Small teams of say 5 developers can work effectively on a monolithic system without well-defined components. Furthermore, they will probably find the strict rules of architecture to reduce their productivity during the early days of development. This is why so many systems lack good architecture: They begun with none because the team was small and did not want the impediment of a superstructure.
A system being developed by five different teams, each with seven developers will not make progress until the system is divided into well-defined components with stable interfaces.
If no one thinks about the architecture, the teams will naturally gravitate to a 5-component architecture (one per team).

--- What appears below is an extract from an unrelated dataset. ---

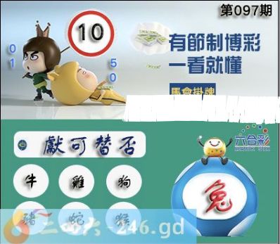 097期正版彩图挂:10爆:兔挂牌成语:献可替否挂牌出肖:牛鸡狗猪蛇猴正版数码挂牌:42射:0327壹句真言:喜遇慈闱年八十(23579)四柱《莺歌燕舞画图中》开奖时间:09月06日(星期六.虎冲猴)21:30分搅珠![释义]指劝善归过,提出兴革的建议。香港挂牌
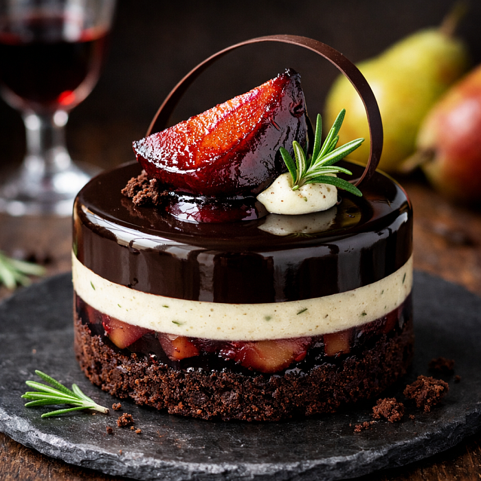 Шоколадно-грушевый: Антреме с темным шоколадом, грушей в портвейне и муссом из белого шоколада с розмарином.

This will likely not be the best architecture for deployment, operation and maintenance.
Ease of deployment of the whole system with a single action is often overlooked, especially during early stages of development, and is a critical concern of architecture.
The extreme case of neglecting ease of deployment is the blind early adoption of a "micro-service architecture". At first, the teams may find it really easy to develop due to the strict boundaries and stable interfaces, but deployment becomes a major challenge because of the need for coordinated deploy between services, connection errors, etc.
Had architects considered ease of deployment early on, they might have decided on fewer services, or a hybrid of network services and in code-services that are more integrated.
Operation is seen from 2 optics in this section: Operation Performance in Hardware and Cognitive load to understand the what the software does. Architecture is more related to the second optic that to the first one.
For reasonably well programmed applications, performance problems can almost always be solved by throwing more hardware at them. If the architecture is good, it is rarely the cause of the performance problems and does not get in the way of solving them.
- People are more expensive than hardware. Unless the performance is horrible, the cost of bad performance is typically much lower than the cost of hard develop-ability, deployment or maintenance.
Component arrangement to optimize performance should be treated as a detail whose decision's can be deferred. An architecture that maintains proper isolation of its components and does not assume the means of communication between them makes it easy to arrange the processing elements in a way that can be tuned for performance: e.g. easily parallelize-able in different servers or threads, independently deployable and scalable on different servers.
Jump ahead to Vertical layers and operation performance to see how this is possible.
Cognitive easiness of what the software does is the critical bit from the operation point of view because it makes development and maintainability easier.
Of all the aspects of a software system, maintenance is the most costly.
The main component of maintenance cost is in speluking and risk:
- Speluking: Digging through the existing software to figure out where to add a new feature or to correct a bug.
- Risk: convoluted software increases the risk of adding a bug while adding a new feature or correcting another defect.
A carefully though-through architecture vastly mitigates this costs and illuminates the pathway for future features.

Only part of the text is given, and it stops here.